She shook her head without looking at me.
“Not a fan of Latin?”
“Tattoo artists have opinions on all styles. None of which is the concern of our clients.” A light rip whispered through the air as she pulled out an alcohol swab to prep my arm. “So, where do you usually get your work done?”
“Tell me your opinion on Latin tattoos first.”
Her movements on my arm slowed, and Sage looked up at me with a sigh. “It’s pretentious. Clichè. People trying to seem deep or intellectual, or whatever. If you don’t speak the language, why permanently scar your body with it? Your turn.”
I bit back a smile, my gaze dragging over her bare arms. “What kind of a tattoo artist doesn’t have any ink?”
“Who said I don’t have ink?” She smirked, lining up the stencil over the patch of skin we’d agreed on.
There was nothing to it. I got my first tattoo at sixteen, and had been steadily adding to the tapestry without ever shying away from pain. It was the good kind. Addictive. But for whatever reason, this specific outline burned before she’d even picked up a needle. It just felt wrong. All of this did.
“Nervous?” she asked, readying the ink.
“Do I look nervous?”
She gave the machine a few test spins, letting the tip hover over the tray. “Honestly? You look like you’re about to throw up. Something tells me it’s part of the reason you’re not as excited as the rest of your team in there.”
Astute. She had that much going for her.
“Look, I don’t know much about hockey,” she said when I stayed silent, eyes tracking the ink as she loaded it into the needle. “But I know this trophy means a hell of a lot to you guys. So whatever’s got your panties in a bunch, suck it up. This is meant to be a celebration. You beat out the best teams to lift this thing. Twice, apparently.”
Except, I hadn’t beaten any of them.
Grayson carried us. Tucker threw himself into blocks that would’ve taken out my front teeth. Shawn couldn’t even finish the season because of his injury, but he had more in his highlight reels than I did. Landon missed most of the playoffs, and still ended up a hero.
But me? I dressed for every game, taped my stick, and watched them do it all.
“They don’t get it,” I said eventually.
Sage touched her needle to my arm with the motor buzzing to life, her focus one thousand percent on the task at hand. Her voice threaded through the motion almost absently.
“Get what? That it’s different for backup players?”
“Something like that.”
The needle scratched over my skin and I flinched, more from nerves than pain.
“I hear a lot of stories in this chair,” she said. “The guys on the bench don’t get the credit, but a team’s nothing without them. If that’s what you’re hung up on.”

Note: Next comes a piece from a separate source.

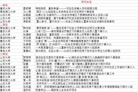 经过激烈角逐,公司参赛的《一米高度看社区——儿童参与社区治理能力提升小组服务》(团队成员:宋志欣、季韬、隋功成、李子哲、景桠楠、张旭;指导教师:刘黎红)、《面对疾风,淡定从容——认知行为模式视角下初中生升学压力纾解小组研究》(团队成员:崔鲁红、王可欣、胡艳、赵琳、赵伟;指导教师:李旭东)荣获研究生组二等奖。这是继上届“山东省高校社会工作案例大赛”公司两支研究生队伍荣获佳绩的又一好消息。

I said nothing for a beat, my arm tight under her grip. “I guess.”
“You guess?”
The vibrations coursed through my arm in sync with the quiet spaces between words. I didn’t owe her an explanation, and I sure as hell didn’t want this to turn into a therapy session. The stories she’d heard meant nothing to me, because they weren’t mine.
I looked down and saw the outline taking shape, the cup materializing from the stenciled lines as if it were something alive. Something kicked loose in my chest, and my heart hammered like it was nobody’s business. It felt too real. Too permanent.

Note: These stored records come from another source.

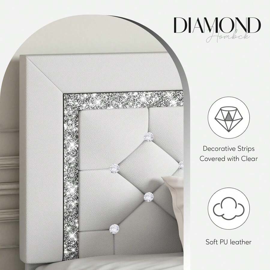 Twin/ Full/ Queen/ King Size Bed Frame, Upholstered Bed Frame With Diamond Headboard And Footboard, White/ Beige/ Black/ Grey/ Pink/ Purple/ Green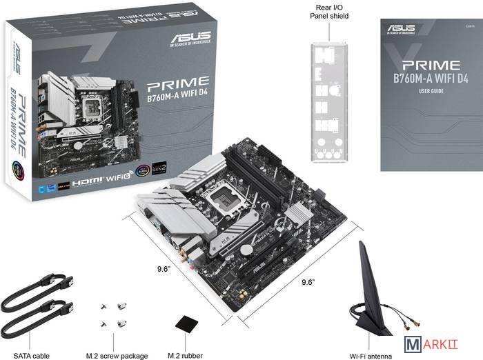 2 кабеля SATA 6 Гбит/с1 антенна ASUS Wi-Fi1 рамка разъемов1 резиновая упаковка M.21 пакет винтов для твердотельного накопителя M.21 руководство пользователя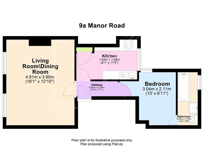 The accommodation comprises a front-facing lounge/diner, a fitted kitchen with appliances, and a bedroom and bathroom positioned to the rear. The property is neutrally decorated throughout.

“I—” I swallowed, then reached over to grip her wrist tightly. “Stop.”
She startled a fraction, eyes wide, but leaned back with the needle idling harmlessly over the tray. “Everything okay?”
“I’m fine. I just…” T-shirt on. Fuck the hoodie. I didn’t want to spend more time in there than I needed to. Every step toward the curtain felt urgent and uneven, as though I were trying to outrun the outline on my own arm.
“It’s not finished,” she called after me.